Evie has not spoken since.
New York
Strange shadows. An old factory. What did they make here? The silent machines give off a metal stink in the heat. We live in one small corner, a mattress where Evie lies twisted up in the sheets, asleep. Last night, a terrible scene. Evie sobbing, rocking, racked. Her first real words since. The gist of it: Mother’s womb — an echo chamber. In it she was alive to all sound, ‘and all sound alive to me. And then this dead room you lead me into, this — this — slaughterhouse with its hostile air, enemy to all sound! Yes! (screaming now) the very air seeks out sound, seizes it, crushes it. I heard your heartbeat and I heard it stifled, all at once. When I collapsed you carried me from that anti-womb, stillborn.’
What have I done?
Something exhausted about this city. The neighbourhood. The derelict buildings and everywhere rubbish and the people subdued or enraged. I take her out for a walk. Alleys and back-streets and boarded-up shops. The air so muggy, it feels quilted. We see a crowd of people gathered in an abandoned lot. Some guy with a chainsaw slicing into this old clapboard building, cutting out a section from it. The delicacy and precision of this action — instead of a wrecking-ball, say — makes it a particularly intimate, painful kind of destruction. Almost loving. Evie makes no mention of recording.
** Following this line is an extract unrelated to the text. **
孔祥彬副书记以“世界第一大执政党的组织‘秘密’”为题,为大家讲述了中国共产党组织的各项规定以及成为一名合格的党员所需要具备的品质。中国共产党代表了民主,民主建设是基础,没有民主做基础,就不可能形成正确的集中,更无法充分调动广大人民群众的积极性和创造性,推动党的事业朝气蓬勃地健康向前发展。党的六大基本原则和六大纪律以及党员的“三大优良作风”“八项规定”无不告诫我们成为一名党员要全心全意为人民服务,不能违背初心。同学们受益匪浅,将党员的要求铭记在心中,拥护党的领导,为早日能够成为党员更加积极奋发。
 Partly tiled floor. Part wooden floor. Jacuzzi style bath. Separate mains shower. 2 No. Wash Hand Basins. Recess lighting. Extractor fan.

Today we had news of her father’s death. Evie unmoved, it seems. A growing sense of terror in me. Because of her lack of emotion, I think, which is monstrous. She wasn’t close enough to him for this to be shock. Nor does it seem as though she’s pre-feeling: on the edge of feeling something, just trying to work out what. She doesn’t care. She’s gonna leave.
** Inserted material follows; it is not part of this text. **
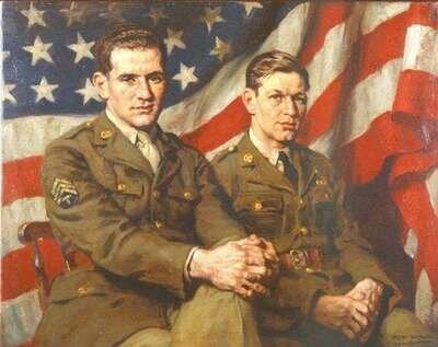 Oil on canvas, with two American servicemen posed seated in front of the flag, each wearing A-1 dress uniform, signed lower right and inscribed on back, 32 x 40.5 in.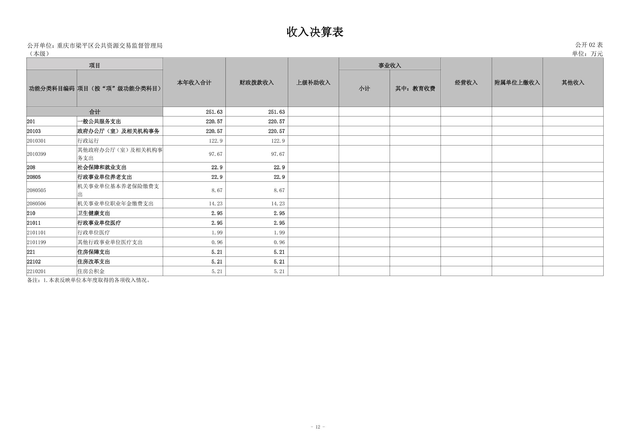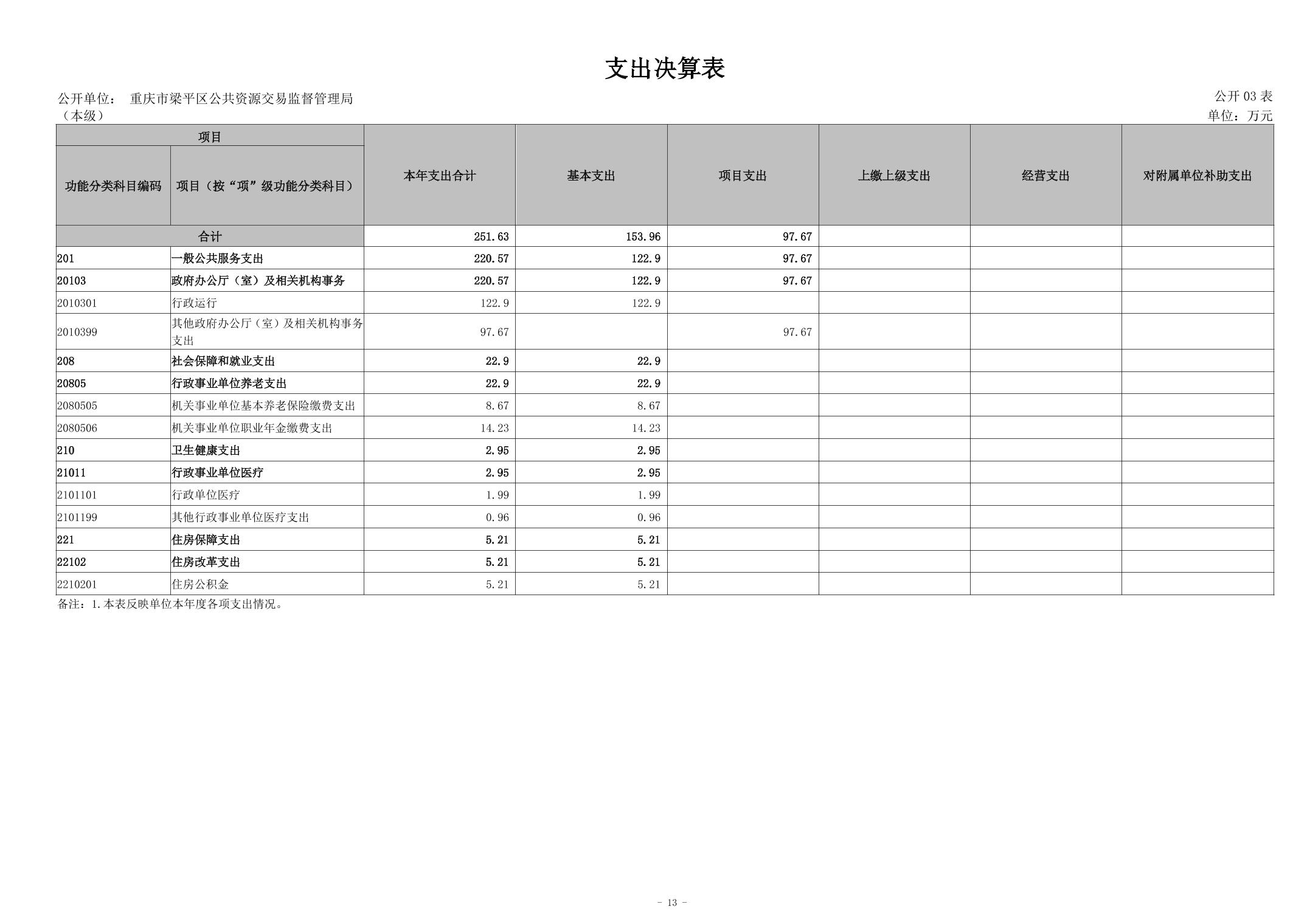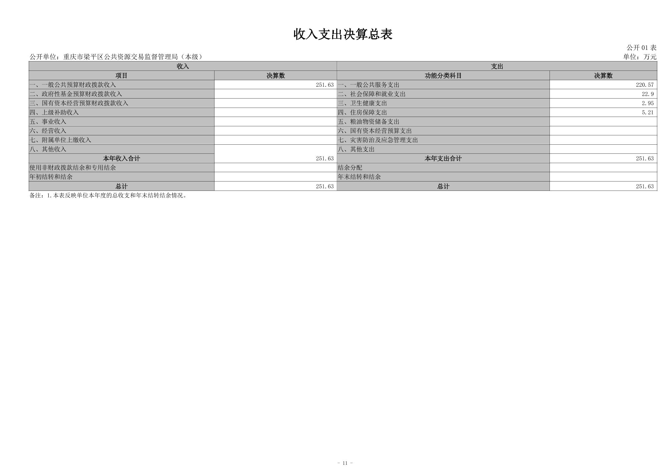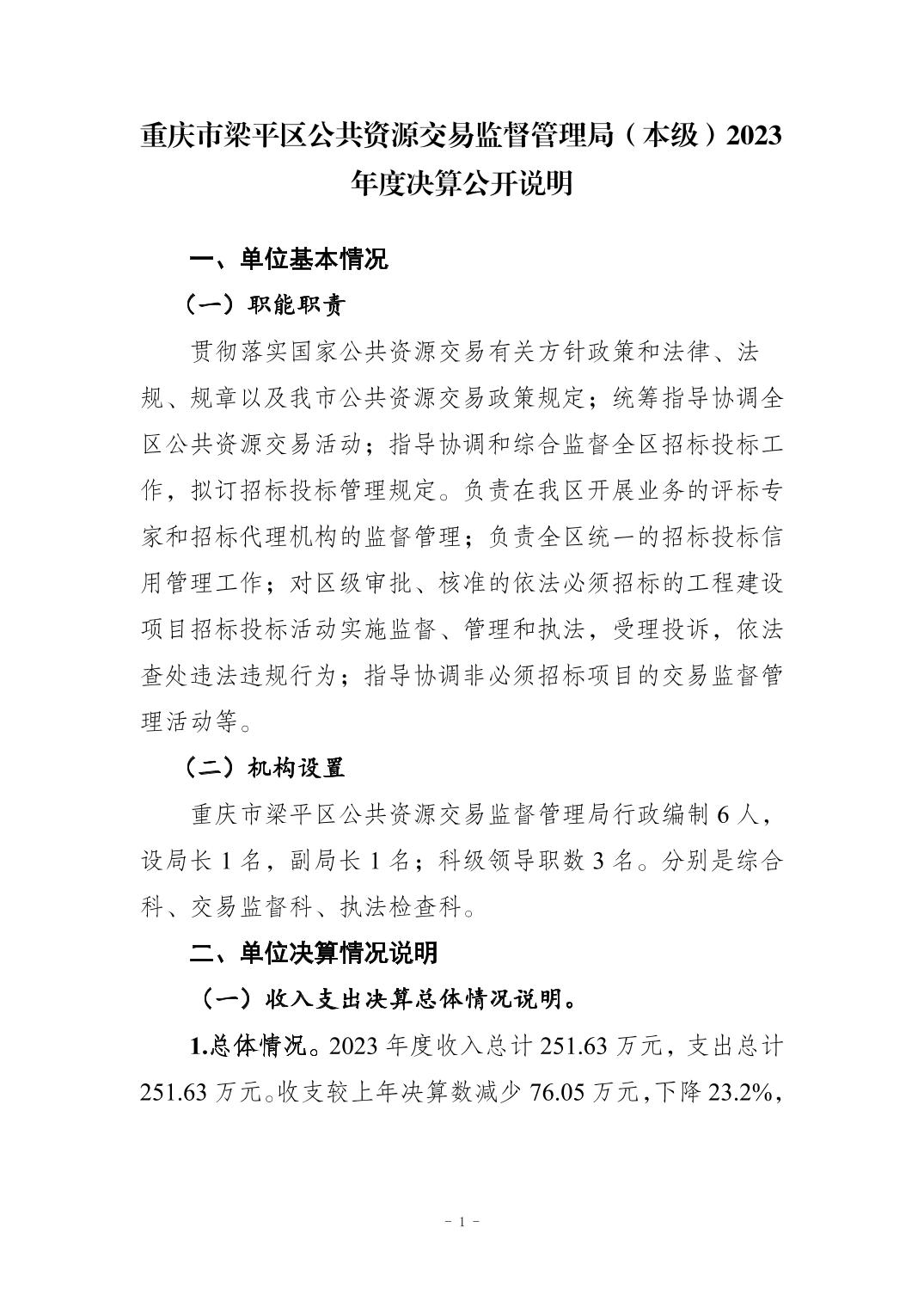 | 標題 | 重慶市梁平區公共資源交易監督管理局(本級)2023年度決算公開說明及公開報表 |

Evie asleep. It’s airless. I take her for a walk. When we return, we lie on the mattress, drained. I wake when I feel her fingers lightly brushing my belly. Her first real contact with me since the dead room, since before that. She made love to me. Kept saying my name, kept whispering to me. Tears in my eyes which didn’t spill cos I couldn’t move. I just lay there and let her wander all over me, and I couldn’t tell you what I was feeling except it just built and built until I thought I would choke, and then the tears did slide off my face. I moved my head, and that’s when I saw it. A red light, half-hidden under a heap of clothes at the foot of the mattress. She was recording us. These are my last words. I will leave this for her. I’m leaving.
27. Tinnitus
Spring has arrived in my attic. The gulls bicker. The trees are budding and all day rap knuckles against my roof. Small creatures nest in their hiding places under the floor. Inside my head the old familiar rumpus. It’s been several weeks since I completed the transcription of Damaris’ diary. Since then, I’ve written little, and that little has been lost in false starts and evasions. I was trying to recount the days and weeks after she left me in the hotel room in New York, but I was unable to remember anything I could set down in words. My powers of listening weaken daily; and so the gaps in my history grow wider, and the silences more frequent with every page.